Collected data
──────────────────────────────

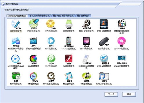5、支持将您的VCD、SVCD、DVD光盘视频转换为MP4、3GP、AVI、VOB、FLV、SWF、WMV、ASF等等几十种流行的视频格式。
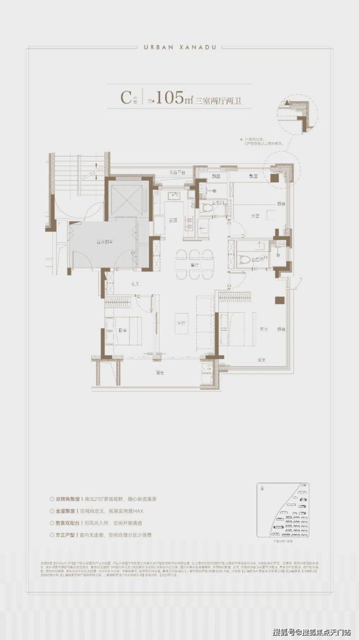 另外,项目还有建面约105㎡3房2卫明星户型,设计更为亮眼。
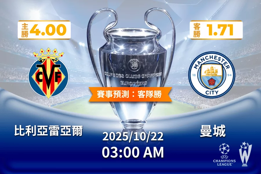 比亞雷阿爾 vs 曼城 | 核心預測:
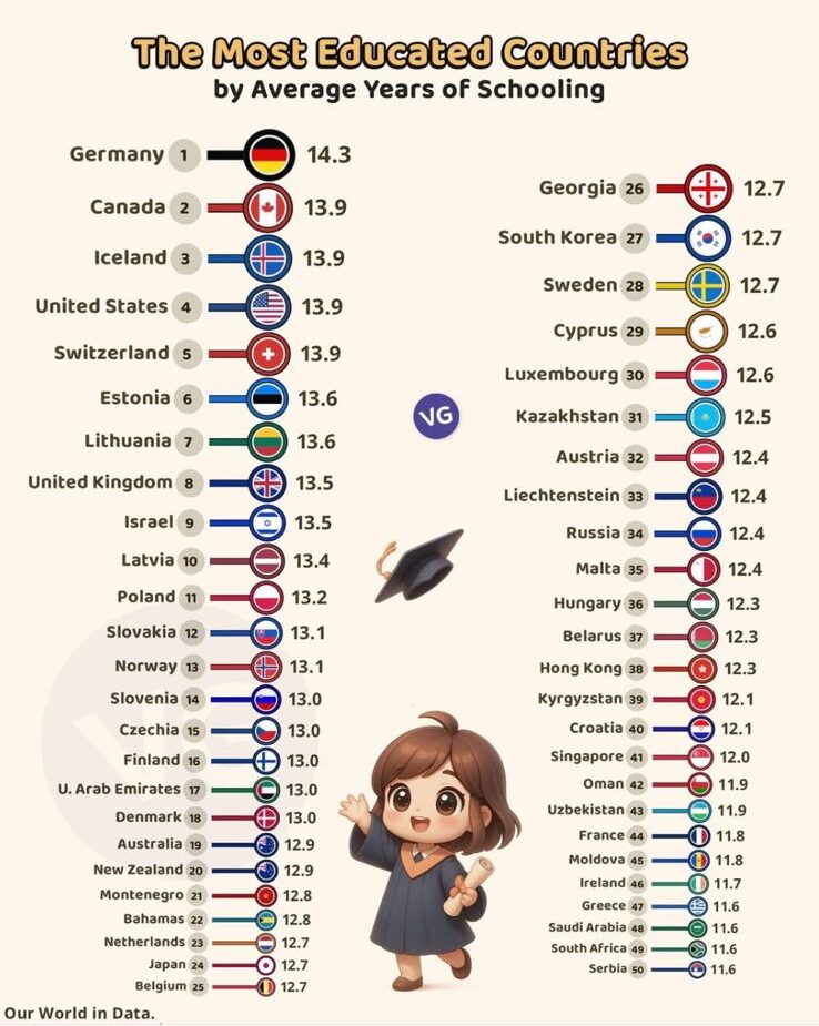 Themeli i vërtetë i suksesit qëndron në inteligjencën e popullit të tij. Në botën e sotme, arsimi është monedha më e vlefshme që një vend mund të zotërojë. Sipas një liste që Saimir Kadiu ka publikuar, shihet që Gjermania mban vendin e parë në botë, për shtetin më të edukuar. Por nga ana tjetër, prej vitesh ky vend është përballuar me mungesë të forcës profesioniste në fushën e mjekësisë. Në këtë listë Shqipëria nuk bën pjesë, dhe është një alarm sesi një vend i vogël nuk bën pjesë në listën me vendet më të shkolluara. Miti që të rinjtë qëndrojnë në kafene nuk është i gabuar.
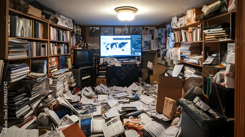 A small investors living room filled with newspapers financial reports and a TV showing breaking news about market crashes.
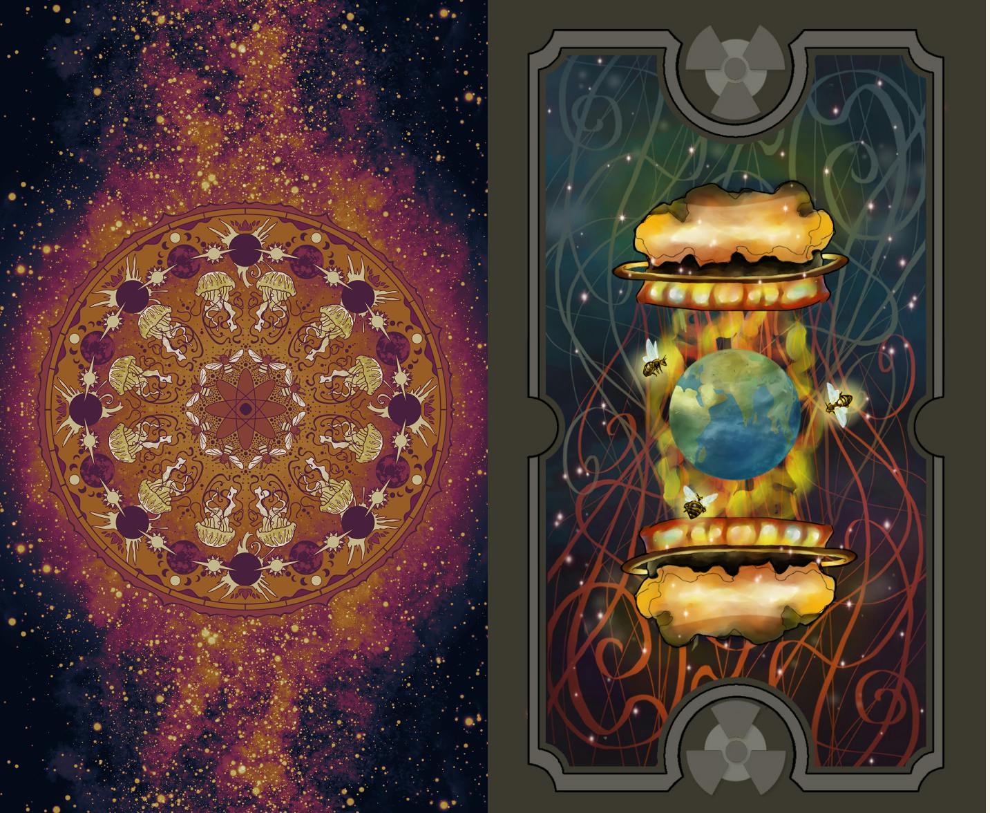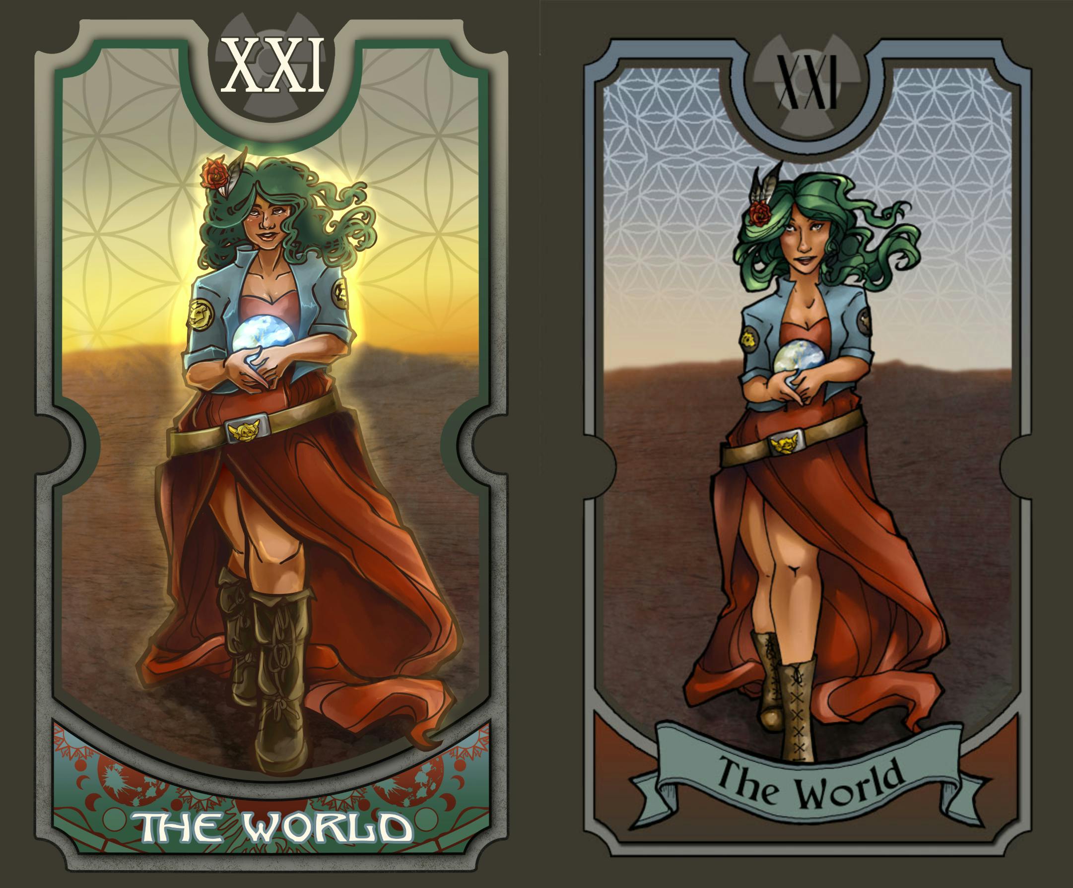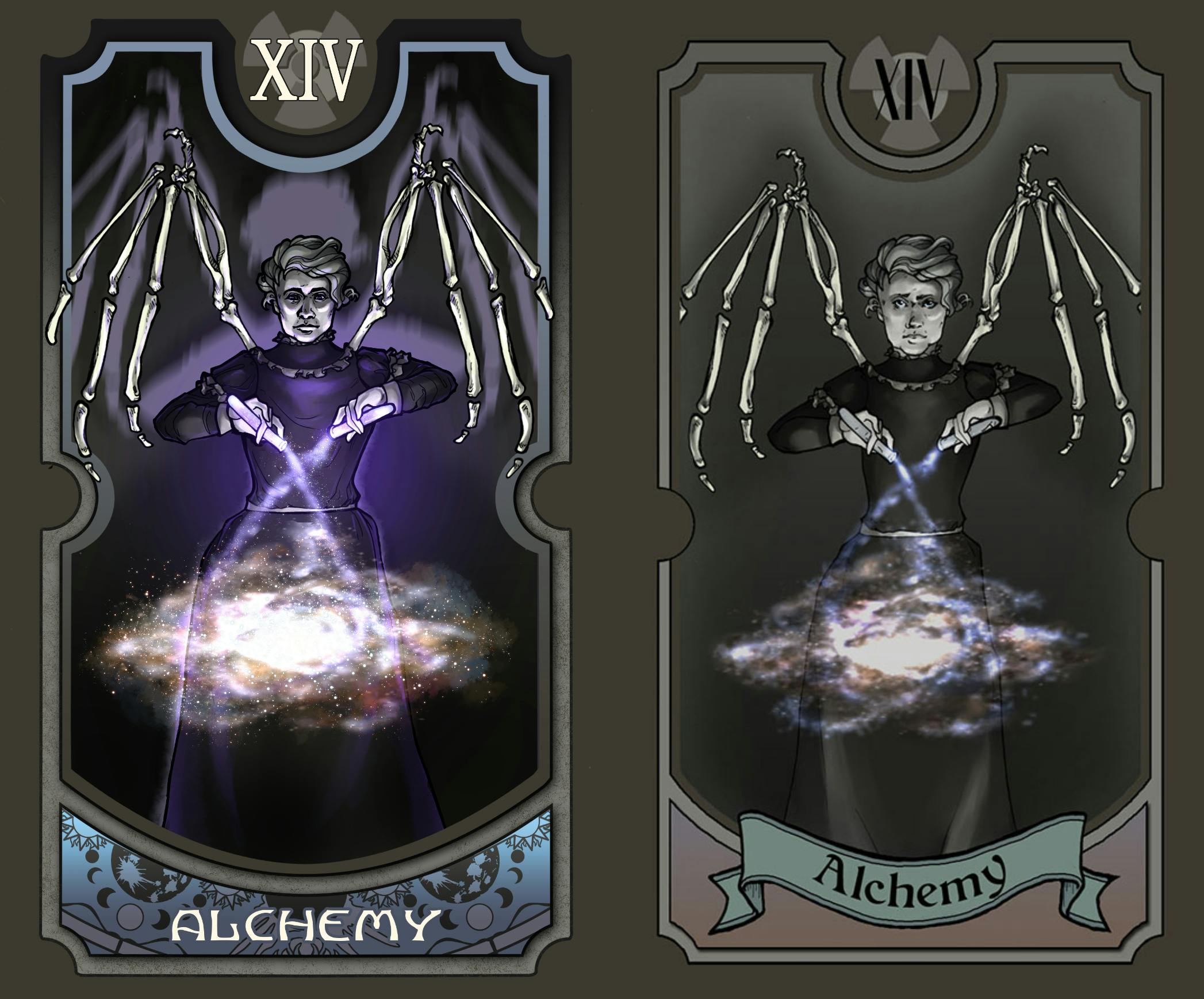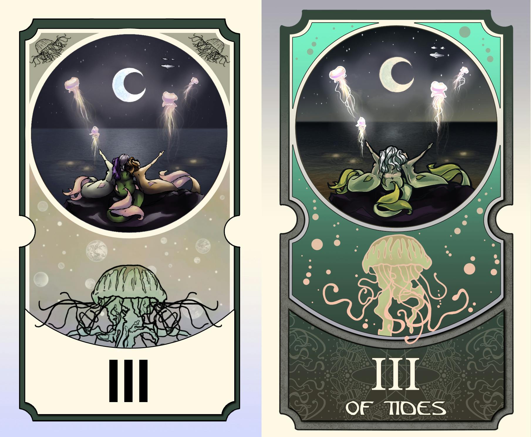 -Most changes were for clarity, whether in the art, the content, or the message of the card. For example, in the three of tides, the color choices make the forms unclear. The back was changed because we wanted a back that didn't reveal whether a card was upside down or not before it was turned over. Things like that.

──────────────────────────────

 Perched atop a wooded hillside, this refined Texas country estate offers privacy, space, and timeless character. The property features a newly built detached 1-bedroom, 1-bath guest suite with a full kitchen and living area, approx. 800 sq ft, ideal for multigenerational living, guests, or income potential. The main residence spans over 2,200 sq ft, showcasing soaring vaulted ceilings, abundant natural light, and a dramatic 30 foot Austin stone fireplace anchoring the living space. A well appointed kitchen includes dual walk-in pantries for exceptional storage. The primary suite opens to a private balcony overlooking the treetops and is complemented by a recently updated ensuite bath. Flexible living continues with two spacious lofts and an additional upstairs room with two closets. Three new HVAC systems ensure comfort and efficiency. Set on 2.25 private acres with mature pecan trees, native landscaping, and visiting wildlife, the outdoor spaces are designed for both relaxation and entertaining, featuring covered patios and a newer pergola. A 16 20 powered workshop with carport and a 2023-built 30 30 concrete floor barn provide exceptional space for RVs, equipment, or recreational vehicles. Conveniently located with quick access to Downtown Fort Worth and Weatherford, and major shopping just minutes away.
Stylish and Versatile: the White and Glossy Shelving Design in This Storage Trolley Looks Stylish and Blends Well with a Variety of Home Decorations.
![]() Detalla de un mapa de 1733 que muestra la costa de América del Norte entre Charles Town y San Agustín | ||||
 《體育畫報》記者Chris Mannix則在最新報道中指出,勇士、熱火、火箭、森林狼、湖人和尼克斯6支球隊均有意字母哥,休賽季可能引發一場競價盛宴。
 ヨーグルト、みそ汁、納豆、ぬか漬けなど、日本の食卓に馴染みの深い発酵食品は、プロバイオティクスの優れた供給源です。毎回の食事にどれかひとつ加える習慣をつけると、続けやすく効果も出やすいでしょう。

──────────────────────────────

### Aim of the exercise
Taking the entries above, extract every line from the one bearing "5、支持将您的VCD、SVC" through the one bearing "比亞雷阿爾 vs 曼城", exactly, with no pictures.

### Expected answer
5、支持将您的VCD、SVCD、DVD光盘视频转换为MP4、3GP、AVI、VOB、FLV、SWF、WMV、ASF等等几十种流行的视频格式。
 另外,项目还有建面约105㎡3房2卫明星户型,设计更为亮眼。
 比亞雷阿爾 vs 曼城 | 核心預測:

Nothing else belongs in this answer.